Re: corrupt pages detected by enabling checksums

Поиск
Список
Период
Сортировка
От Simon Riggs
Тема Re: corrupt pages detected by enabling checksums
Дата
Msg-id CA+U5nMKwguCMugQEDzoyx__Ug3TUcRKA_MejkkoJLkc0hS78gg@mail.gmail.com
обсуждение исходный текст
Ответ на Re: corrupt pages detected by enabling checksums  (Robert Haas <robertmhaas@gmail.com>)
Ответы Re: corrupt pages detected by enabling checksums
Список pgsql-hackers
On 1 May 2013 16:33, Robert Haas <robertmhaas@gmail.com> wrote:
> On Wed, May 1, 2013 at 11:29 AM, Robert Haas <robertmhaas@gmail.com> wrote:
>>> I was worried because SyncOneBuffer checks whether it needs writing
>>> without taking a content lock, so the exclusive lock doesn't help. That
>>> makes sense, because you don't want a checkpoint to have to get a
>>> content lock on every buffer in the buffer pool. But it also means we
>>> need to follow the rules laid out in transam/README and dirty the pages
>>> before writing WAL.
>>
>> On further review, I think you're right about this.  We'd have a
>> problem if the following sequence of events were to occur:
>>
>> 1. vacuum writes the WAL record, but does not yet mark the buffer
>> dirty, and then goes into the tank
>> 2. checkpointer decides where the checkpoint will begin
>> 3. buffer pool is scanned as part of the checkpoint process, observing
>> target buffer not to be dirty
>> 4. vacuum finally wakes up and marks the buffer dirty
>> 5. crash, after WAL is flushed but before buffer is written
>>
>> However, on looking at this a little more, shouldn't we be doing
>> log_heap_clean() *before* we do visibilitymap_set()?
>
> Hit send too soon.
>
> To finish that thought: right now the order of operations is...
>
> 1. Perform the cleanup operations on the buffer.
> 2. Set the visibility map bit.
> 3. Log the visibility map change.
> 4. Log the cleanup operations.
>
> It seems to me that it would be better to do (4) as close to (1) as
> possible.  Isn't it bad if the operations are replayed in an order
> that differs from the order in which they were performed - or if, say,
> the first WAL record were replayed but the second were not, for
> whatever reason?

I agree, but that was in the original coding wasn't it?

Why aren't we writing just one WAL record for this action?

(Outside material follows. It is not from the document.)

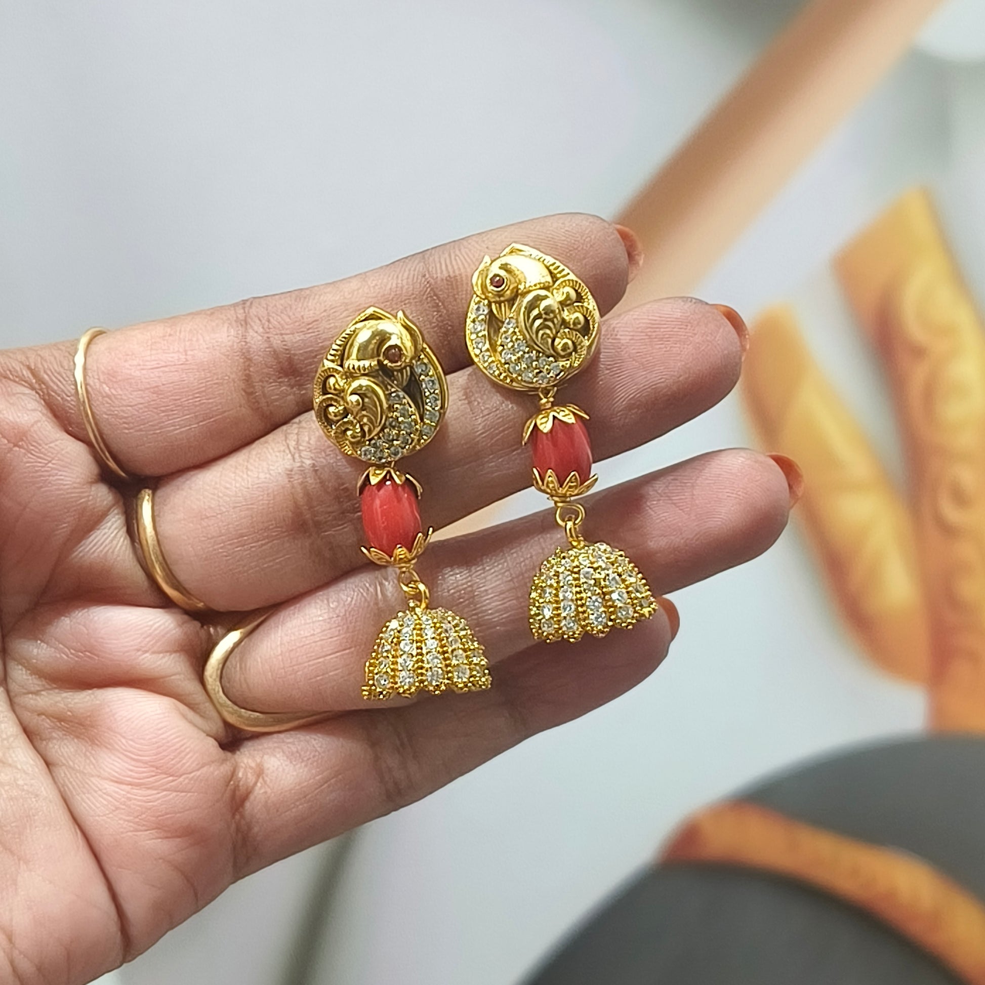 Nakshi finishing studs with coral beads designed earings . Back side push back available

We use a
single WAL record in other places where we make changes to multiple
blocks with multiple full page writes, e.g. index block split. That
would make the action atomic and we'd just have this...

1. Perform the cleanup operations on the buffer.
2. Set the visibility map bit.
3. Log the cleanup operations and visibility map change.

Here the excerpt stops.